#### EXERCISE DATA:
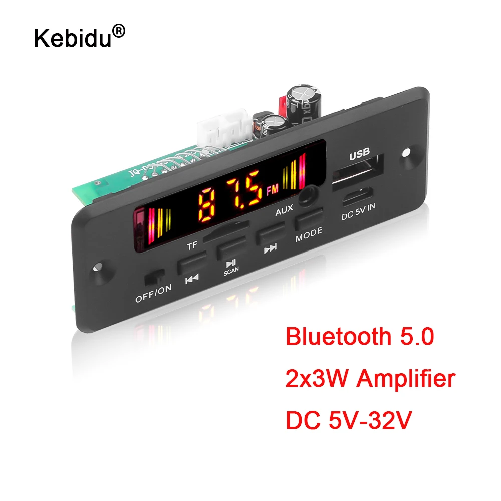 Плата декодера kebidu для MP3-плеера, 5-32 В, Bluetooth 5,0, 6 Вт, усилитель, автомобильный FM-радио, поддержка FM, TF, USB, AUX, рекордеры
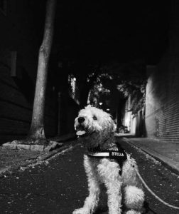 While she’s friendly there’s still no petting allowed. Stella’s got a propensity toward leakage when greeted by strangers. She’s perhaps too friendly. I picture her opening the front door then leading a burglar to the fancy china and flatware.
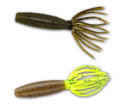 従来のフラスカートが24本からなるのに対し、フィネススカートは半数の12本です。軽量リグとの組み合わせにおいてもレスポンスの良いフレアーアクションを生み出すフィネススカートは、ベビーファットイカとのコンビネーションにおいてもその性能を如何なく発揮。 ノーシンカーリグにおいてもゴワつくことなく大きなフレアーアクションでバスにアピールします。

#### WHAT TO PRODUCE:
An exact copy of the listing above is to be set down, with no pictures in it.

#### SOLUTION TO THE PROBLEM:
 Плата декодера kebidu для MP3-плеера, 5-32 В, Bluetooth 5,0, 6 Вт, усилитель, автомобильный FM-радио, поддержка FM, TF, USB, AUX, рекордеры
 While she’s friendly there’s still no petting allowed. Stella’s got a propensity toward leakage when greeted by strangers. She’s perhaps too friendly. I picture her opening the front door then leading a burglar to the fancy china and flatware.
 従来のフラスカートが24本からなるのに対し、フィネススカートは半数の12本です。軽量リグとの組み合わせにおいてもレスポンスの良いフレアーアクションを生み出すフィネススカートは、ベビーファットイカとのコンビネーションにおいてもその性能を如何なく発揮。 ノーシンカーリグにおいてもゴワつくことなく大きなフレアーアクションでバスにアピールします。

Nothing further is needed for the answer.